Bitcoin-- probably the most iconic name in cryptocurrencies -- is proving it's not immune to the coronavirus crisis. But it could end up benefiting as a delayed side effect of the outbreak if inflation and tracking measures, in China especially, turn people to cryptocurrencies.

Right now, the problem for Bitcoin is that China, the world's second-largest economy, is a large participant of Bitcoin mining. As the nation is deeply caught up in one of the worst pandemics in recent history, it's taking a toll on Bitcoin, because major mining equipment makers had to delay production due to government imposed quarantines and mining farms were shut down. This has no doubt affected the level of Developer Behavior of the cryptocurrency, as Chinese mining pools control most of the Bitcoin network due to the countrys extremely cheap electricity.
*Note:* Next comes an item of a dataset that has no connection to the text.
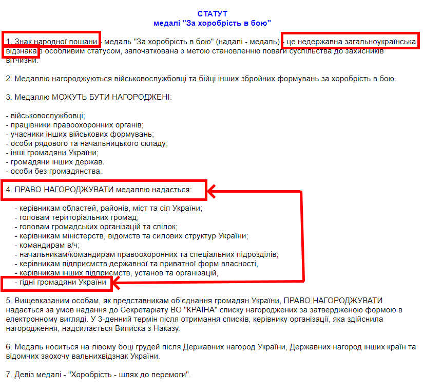 Сейчас придумано кучи всяких разводов для лохов с высоким ЧСВ. Можно напечатать статью в журнале про себя. Можно заказать видео про себя. А можно наградить себя каким небудь орденом . Полно гражданских Лохоорденов и полно военных Лохоорденов. В статусе этой меали сказано! Це не державна Українська відзнака! А награждать ею могут все кому не лень! "Гідні громадяні України" Я GVV2309 гідний громадянит України видаю указ ! Указ N 001 Всі громадяни (Окрім кацапів) які хоч раз зайшли на форум https://reibert.info/ Нагороджуються Знаком народної пошани - медаль "За хоробрість в бою" За геройське протистояння кацапам на цьому форумі! Дата 7 4 2020 підпис
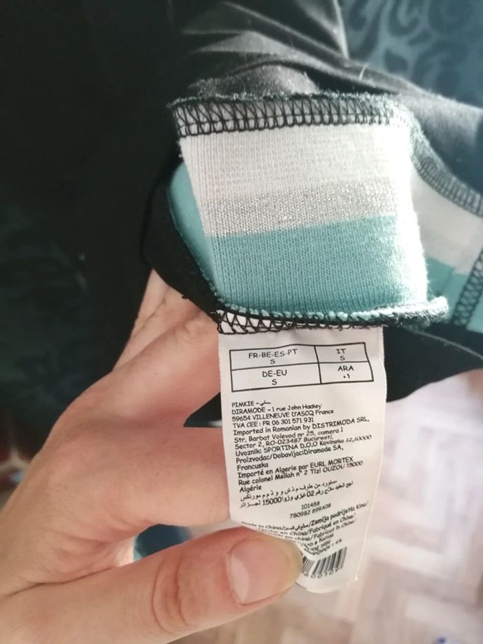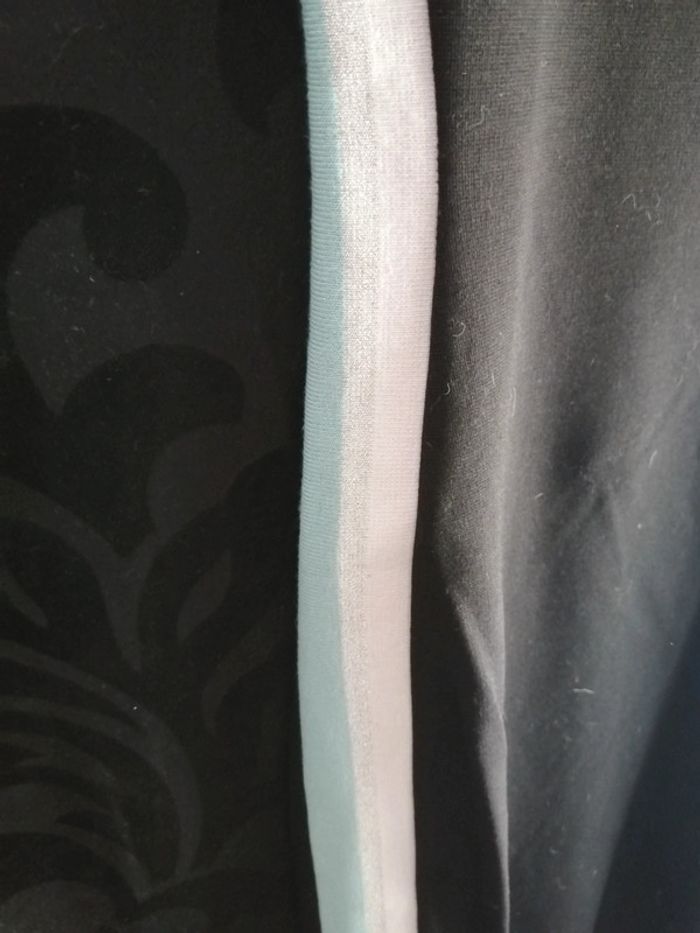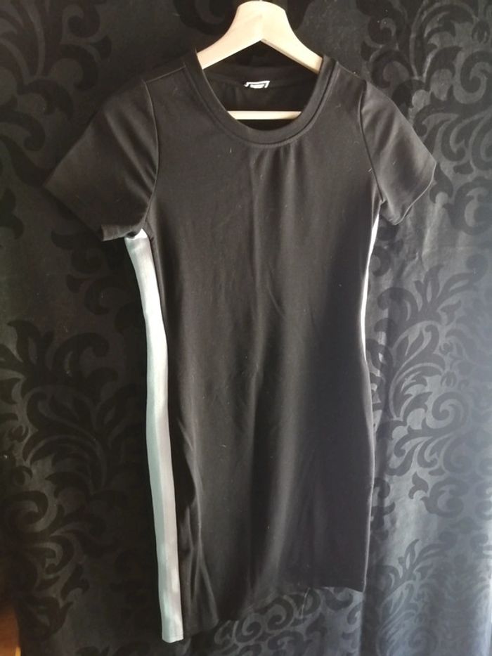 Petite robe noire moulante Avec lignes sur les côtés bleu clair, pailleté gris et blanc, Taille S Portée une fois

Further, a slight drop in User Activity can be attributed to Bitcoin remaining a highly speculative cryptocurrency, where current investors are easily spooked by an expected drop in price. The fact that the search term bitcoin coronavirus has recently overtaken bitcoin halving on Google Trends is telling of the volatility many people are expecting to see with the spread of the contamination.
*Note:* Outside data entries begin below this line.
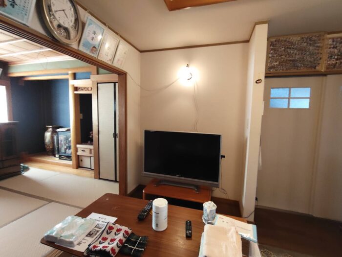 床の間の改修工事と合わせて隣のお部屋のテレビの後ろも内装工事をさせて頂きました。
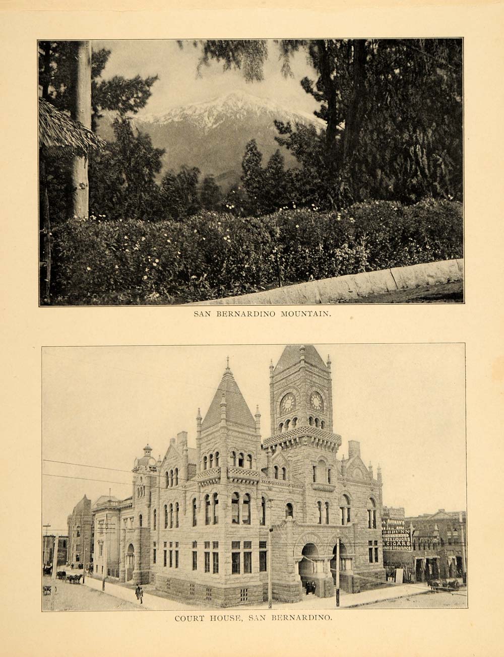 This is an original 1906 print with two halftone images: San Bernardino Mountain and the Court House in San Bernardino, California. Each image measures approx. 6 x 3.75 inches. (Please note that there is printing on the reverse.)
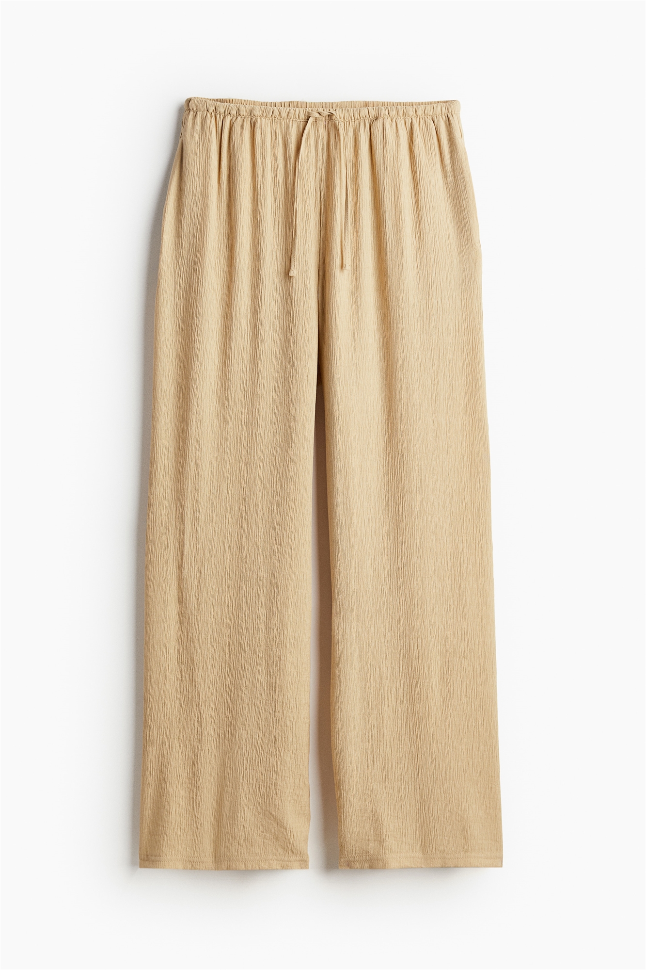 Брюки из креповой ткани со скрытым эластичным поясом, утягивающим шнурком, неброскими боковыми карманами и широкими штанинами.
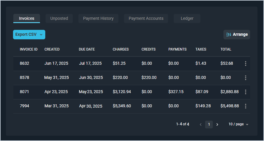 - Export information on this tab by clicking the Export CSV button and selecting whether to export the current page or all data for the Invoices tab. The selected information will download as a .CSV file.
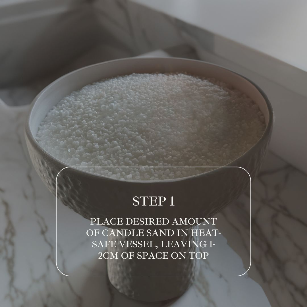 A: Our Sand Candle is unscented, providing a pure, natural experience. If you prefer a fragrant ambiance, you can effortlessly add one of our candle fragrances to the sand, roughly 1-2cm near the place you want to place your wick, before lighting it.
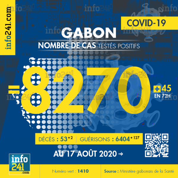 Ce qui porte le bilan à 8 270 cas confirmés, 53 décès et 6 404 guérisons.Le Gabon compte actuellement 2 106 cas actifs de la pandémie officiellement déclarés. Parmi eux 30(+1) patients hospitalisés dans le pays dont 2(+1) en réanimation.
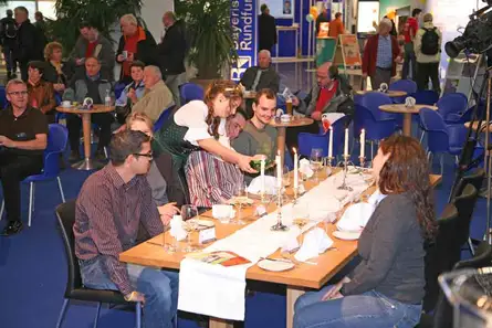 Wir kochen mit unsern Spitzenköchen (ausschließlich) zwei mal am Tag (11:00 und 16:00 Uhr) in unserer Miele-Titan-Massivholz-Möbelmacherküche am Stand des Bayerischen Rundfunks. Einen anderen Stand haben wir in diesem Jahr nicht besetzt.
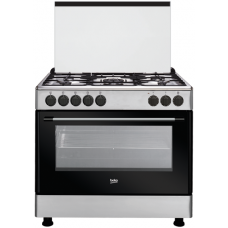 Key Features: Beko GE 15120 DX: Freestanding Cooker (Fan-assisted, 90cm) With 4 Gas + 1 Wok Gas Burners, 120 – Litres Multifunction Fan Heating Electric Oven With Gas Failure Protection – Stainless Steel 4 Gas + 1 Wok Gas Burners (Total 5 Gas Burners) 102 litres wide multifunction (fan heating) Electric Oven Gas failure safety devices on all 5 burners Electric Grill Cast Iron Pan Supports Glass Lid Integrated Ignition Turnspit / Rotisserie included Oven Lamp Energy Rating Class: B Colour: Stainless Steel Inox

Created in 2008, Bitcoin (BTC) is considered the first cryptocurrency to be mined and traded on a decentralized peer-to-peer network. Rather than relying on a central authority to transact money, a decentralized network of nodes all verify transactions. The process of adding verified transactions to the public ledger and unlocking new bitcoins as rewards is called mining, and involves using computer power to solve complex mathematical puzzles, or hash functions.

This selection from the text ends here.